- Input data
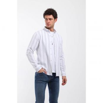 Cămașă cu mânecă lungă în dungi verticale pentru bărbați, verde L verde
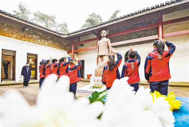 11月24日,南岸区王朴烈士旧居正式开馆,学生代表正在馆内参观并向王朴烈士的塑像敬礼。
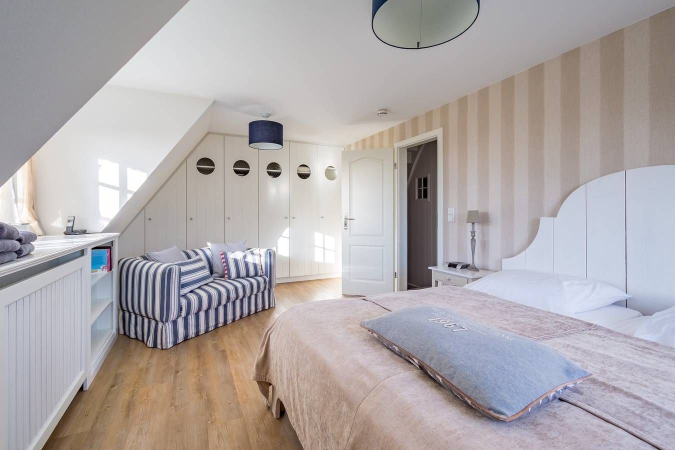 Moin und herzlich willkommen im "Friesenhaus meerZeit" - Ihrer reetgedeckten Oase an der Nordsee. Diese charmante Doppelhaushälfte bietet Ihnen mit zwei Schlafzimmern und zwei Bädern den idealen Raum für bis zu fünf Personen und einem Kleinkind. Hier erwartet Sie ein unvergesslicher Urlaub mit viel Komfort sowie einer Prise Luxus. Zu den Highlights gehören eine hauseigene Sauna, ein gepflegter Garten mit Terrasse und ein herrlicher Blick auf die umliegenden Felder. Die ruhige, strandnahe Lage lädt dazu ein, die Meerbrise zu genießen und vollkommen abzuschalten. Ab einem Aufenthalt von 7 Übernachtungen ist die Erstausstattung mit kleinen Wäschepaketen inklusive - für einen sorgenfreien Start in den Urlaub. Im Erdgeschoss befindet sich der großzügige Wohn- und Essbereich mit einer offenen, voll ausgestatteten Küche. Vom Wohnzimmer aus gelangen Sie direkt in den Garten und auf die sonnige Terrasse - der perfekte Ort für entspannte Stunden im Freien. Ein Ofen sorgt an kühleren tagen für wohlige Wärme und eine behagliche Atmosphäre. Im Obergeschoss erwarten Sie zwei liebevoll eingerichtete Schlafzimmer - eines mit Doppelbett und eigenem Fernseher, das zweite mit zwei Einzelbetten. Hier gibt es zudem eine Leseecke, einen kleinen Arbeitsplatz und eine gemütliche Chillecke - ideal zum Entspannen oder für eine Auszeit mit einem guten Buch. Im Souterrain wartet die private Sauna darauf, ihnen Entspannung pur zu bieten. Ein weiteres, großzügiges Vollbad mit Dusch und Badewanne sowie ein Tagesbett runden das Wohlfühlangebot ab. Genießen Sie unbeschwerte Sonnenstunden auf Ihrer eigenen Terrasse im Garten oder erkunden Sie die nahegelegenen Strände und idyllischen Landschaften. Ein privater PKW-Stellplatz direkt am Haus sorgt für zusätzlichen komfort. Erleben Sie im Friesenhaus meerZeit unvergessliche Urlaubstage, geprägt von Entspannung, Natur und nordischer Gemütlichkeit. Wir freuen uns darauf, Sie willkommen zu heißen. - Glasfaseranschluß - Yogamatten
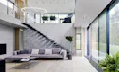 Im Inneren besticht das Haus durch offene Räume: Das Wohnzimmer ist zum Obergeschoss hin offen. Über eine Galerie werden Schlaf-und Arbeitszonen sowie Bäder...
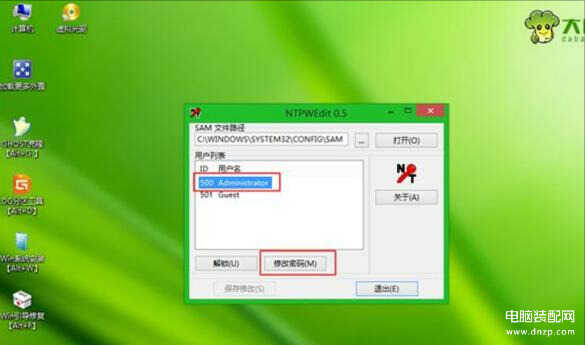 (3)进入winpe系统界面后直接打开运行“登录密码清除”,进入软件主界面后点击“打开”按钮,最后就可以看到管理员账号所对应的“密码”了。

- Your task
Print every entry exactly as written, without the pictures.

- Answer section
 Cămașă cu mânecă lungă în dungi verticale pentru bărbați, verde L verde
 11月24日,南岸区王朴烈士旧居正式开馆,学生代表正在馆内参观并向王朴烈士的塑像敬礼。
 Moin und herzlich willkommen im "Friesenhaus meerZeit" - Ihrer reetgedeckten Oase an der Nordsee. Diese charmante Doppelhaushälfte bietet Ihnen mit zwei Schlafzimmern und zwei Bädern den idealen Raum für bis zu fünf Personen und einem Kleinkind. Hier erwartet Sie ein unvergesslicher Urlaub mit viel Komfort sowie einer Prise Luxus. Zu den Highlights gehören eine hauseigene Sauna, ein gepflegter Garten mit Terrasse und ein herrlicher Blick auf die umliegenden Felder. Die ruhige, strandnahe Lage lädt dazu ein, die Meerbrise zu genießen und vollkommen abzuschalten. Ab einem Aufenthalt von 7 Übernachtungen ist die Erstausstattung mit kleinen Wäschepaketen inklusive - für einen sorgenfreien Start in den Urlaub. Im Erdgeschoss befindet sich der großzügige Wohn- und Essbereich mit einer offenen, voll ausgestatteten Küche. Vom Wohnzimmer aus gelangen Sie direkt in den Garten und auf die sonnige Terrasse - der perfekte Ort für entspannte Stunden im Freien. Ein Ofen sorgt an kühleren tagen für wohlige Wärme und eine behagliche Atmosphäre. Im Obergeschoss erwarten Sie zwei liebevoll eingerichtete Schlafzimmer - eines mit Doppelbett und eigenem Fernseher, das zweite mit zwei Einzelbetten. Hier gibt es zudem eine Leseecke, einen kleinen Arbeitsplatz und eine gemütliche Chillecke - ideal zum Entspannen oder für eine Auszeit mit einem guten Buch. Im Souterrain wartet die private Sauna darauf, ihnen Entspannung pur zu bieten. Ein weiteres, großzügiges Vollbad mit Dusch und Badewanne sowie ein Tagesbett runden das Wohlfühlangebot ab. Genießen Sie unbeschwerte Sonnenstunden auf Ihrer eigenen Terrasse im Garten oder erkunden Sie die nahegelegenen Strände und idyllischen Landschaften. Ein privater PKW-Stellplatz direkt am Haus sorgt für zusätzlichen komfort. Erleben Sie im Friesenhaus meerZeit unvergessliche Urlaubstage, geprägt von Entspannung, Natur und nordischer Gemütlichkeit. Wir freuen uns darauf, Sie willkommen zu heißen. - Glasfaseranschluß - Yogamatten
 Im Inneren besticht das Haus durch offene Räume: Das Wohnzimmer ist zum Obergeschoss hin offen. Über eine Galerie werden Schlaf-und Arbeitszonen sowie Bäder...
 (3)进入winpe系统界面后直接打开运行“登录密码清除”,进入软件主界面后点击“打开”按钮,最后就可以看到管理员账号所对应的“密码”了。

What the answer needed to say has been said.